Entrepreneurs in China often see localisation as their advantage, implying that foreign, especially American, companies enter the country without the necessary cultural insights. And it’s true that big tech firms like Uber and eBay have struggled to persevere against local competitors.
One of Uber’s mistakes, for example, was to launch in the country with a Google Maps integration and credit card payments, two things that don’t really work as well in China as they do in the company’s home country. Uber eventually merged with Didi.
When it comes to co-working, do local players just have a better understanding of China-specific requirements for certain firms? In an interview with Forbes, Liu Cheng Cheng, the founder of KrSpace, said that WeWork’s free beer and ping-pong tables aren’t necessarily a good match with the work culture found in Chinese firms. These tend to prioritise a work ethic referred to as 9-9-6 – literally working 9 am to 9 pm six days a week. KrSpace goes the route of focusing on free legal and financial consultations for entrepreneurs instead.

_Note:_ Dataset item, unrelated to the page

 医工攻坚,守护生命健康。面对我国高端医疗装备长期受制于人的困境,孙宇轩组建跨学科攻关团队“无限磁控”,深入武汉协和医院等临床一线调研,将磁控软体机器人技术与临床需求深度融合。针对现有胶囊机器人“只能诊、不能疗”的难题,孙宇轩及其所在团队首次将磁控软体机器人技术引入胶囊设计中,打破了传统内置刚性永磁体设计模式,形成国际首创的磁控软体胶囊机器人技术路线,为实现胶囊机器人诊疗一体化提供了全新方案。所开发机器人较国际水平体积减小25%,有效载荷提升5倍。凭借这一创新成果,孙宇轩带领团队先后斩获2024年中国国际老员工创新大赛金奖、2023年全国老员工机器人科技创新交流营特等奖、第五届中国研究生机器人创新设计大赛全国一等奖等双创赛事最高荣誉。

Liu doesn’t believe WeWork’s culture might change China’s famous 9-9-6 rule. “As a joint office operator, our role is, essentially, to serve companies and members, rather than trying to change their needs and habits,” he told KrASIA.
Future of co-working
While entrepreneurship is growing at an extraordinary rate in China, so are the surrounding entities that support them, from accounting software to co-working spaces.
According to a 2018 China Money Network report, Chinese co-working companies are increasingly looking at strategic expansion overseas. These physical spaces will continue to be marketed at Chinese entrepreneurs looking to take their companies to Southeast Asia.

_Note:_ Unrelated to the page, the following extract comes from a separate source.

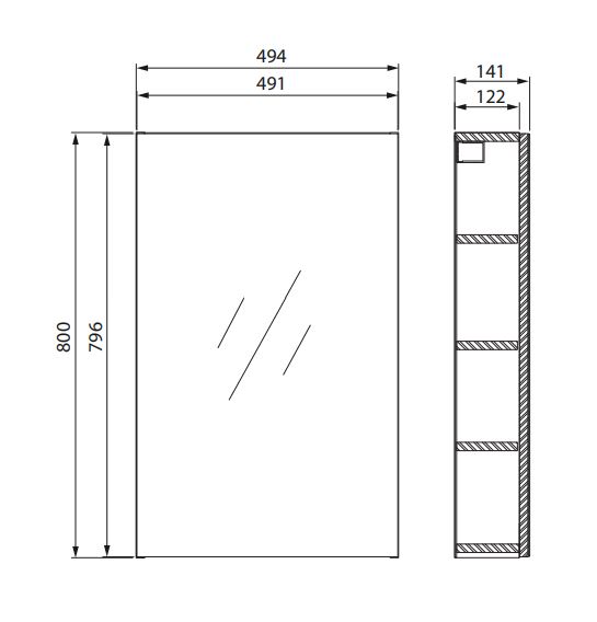 Závěsná skříňka se zrcadlovým čelem a 3 policemi uvnitř, která poslouží jako zrcadlo i jako místo pro uložení drobné kosmetiky. Skříň má bezúchytkový systém otevírání dvířek a tiché "soft close". Korpus skříně je vyroben z laminované dřevotřísky.

Meanwhile, using tech, like smart sensors, to determine how busy one particular co-working location gets is another trend, explained WeWork’s managing director for Southeast Asia, Turochas Fuad in an interview.
WeWork is also diving into other verticals and industries, from grade school (WeGrow) to co-living (WeLive) to a startup accelerator (WeWork Labs) – further encroaching on territories that touch all aspects of life, beyond the professional.
Like Starbucks, WeWork might make it in China by selling aspiration on top of its co-working space fundamentals, at every corner. Ucommune essentially has a similar appeal in terms of how its spaces are designed and it has even more locations in China at the moment, but with Softbank’s backing, WeWork will be on an expansion course. The market will stay dynamic as the two leading co-working chains work out its localized offerings or a globally connected lifestyle that appeal most to entrepreneurs working in China.
WeWork declined to be interviewed for this article.